O INVERSOR DE VALORES
Alzira, Alzirona , 54, mulher de não meias palavras e quase nenhuma pataquada. Linha dura, de falar torto e olhar grosso quando exigida. Um sistema de vida meio que militarizante, adotado não por imposição, mas por naturalidade. São vinte anos de metrópole para uma pessoa que já teve muito em sua cidadezinha natal: Óbidos (PA). Teve bexiga, barriga d’água, comeu terra, chupou rapadura por diversão, levou surra de corda do pai e irmão mais velho (eram sete). A mãe mal conheceu porque morreu numa enchente despropositada, naquele lugar onde só chove para desgraçar e quando não é desgraça continuada. Agora sim é que era mais Alzira, Alzirona, solteirona destinatária, pois nenhum caboclo acertou com o seu jeito impetuoso de ser. Ela também não acertaria nada nunca com ninguém, na medida do tanto que era esquiva a relacionamentos. Decerto não era dada a afagos e afetividades mais intensos. Um sistemático querer de vida, ranzincista, mas nem por isso de toda amarga, e às vezes até sorria. Há vinte anos comandava uma pensão suburbana num bairro classe pop de São Paulo. Isso por conta de herança de um desses tios que só aparecem em estórias para mudar os rumos das coisas.
Assim, a grande casa térrea, até que moderninha por fora, reboque chulo, jardim de patos, ornamentos ridículos,mas bem postos a enfeitação. Dentro, cozinha, dois banheiros, seis quartos médios e uma saleta de bolso. Assemelhava-se mais a um hotel de quarta com cada macaco no seu devido galho. Tudo bem limpinho e cheiroso a mofo. A casa não era para moços nem para moças. Era para qualquer vagabo ou vagaba, autoridades mínimas em quaisquer coisas, confrades, aspirantes políticos, pseudo-intelectuais, jogadores inveterados, marido traído ou mulher viúva. Enfim, lugar de paragem e passagem de povo.
Alzirona nunca se importou com a intersexualidade do meio porque dizia que cada um deve saber e fazer de si.
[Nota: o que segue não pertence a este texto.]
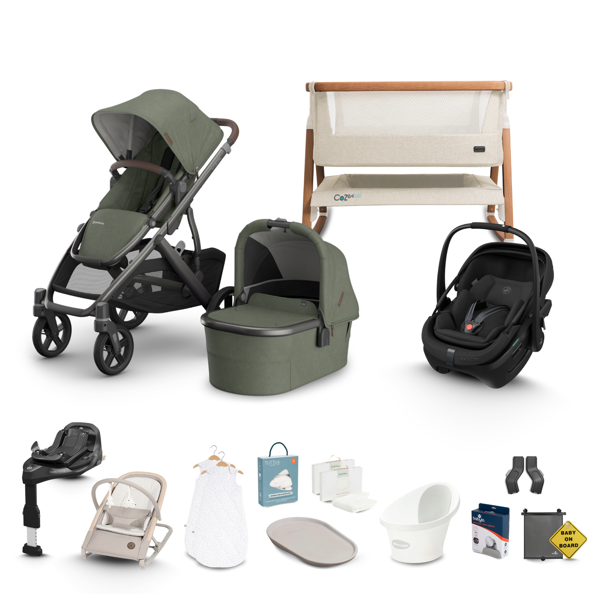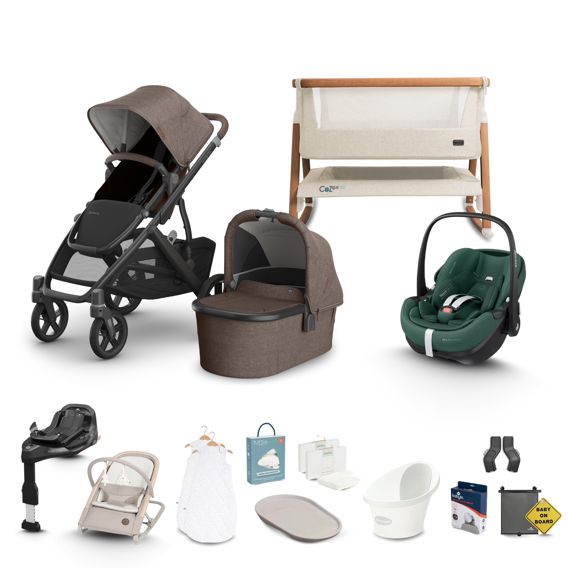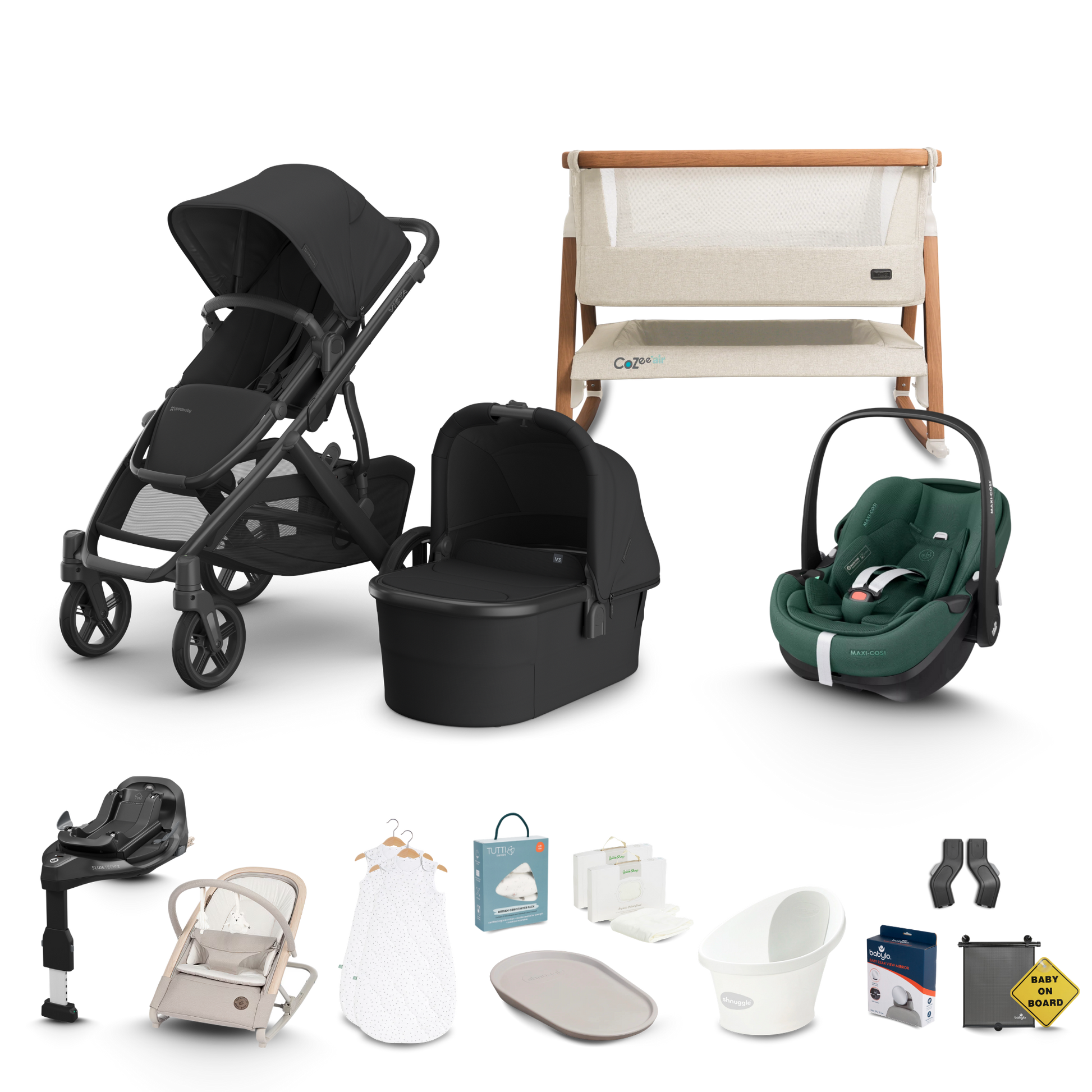 Our premium Complete Newborn Bundle has been carefully curated by our team of experts and features brands you love including Maxi Cosi, Tutti Bambini, Little Green Sheep, Shnuggle and more!
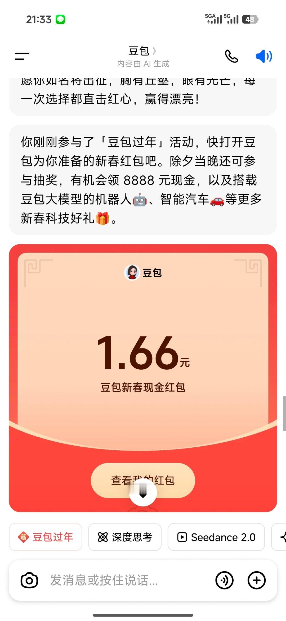 豆包红包你刚刚参与了「豆包过年」活动,快打开豆包为你准备的新春红包吧。除夕当晚还可参与抽奖,有机会领 8888 元现金,以及搭载豆包大模型的机器人🤖、智能汽车🚗等更多新春科技好礼🎁。

E tratava no praxe e quase imparcialmente a todos ali no seu mundão cabanão. Seriona e na contra-mão do jeito, justamente por sua inflexisociabilidade, devia dar com os tipos mais exóticos e comuns que na “Pensão Benevides” (nome colhido do tio) vinham, instalavam-se e iam-se sem deixar mais nem trê-lê-lês. Todos os personagens possíveis, desde o de maior baixeza sexual àquele em constante estado de êxtase espiritual, já passaram pela Benevides.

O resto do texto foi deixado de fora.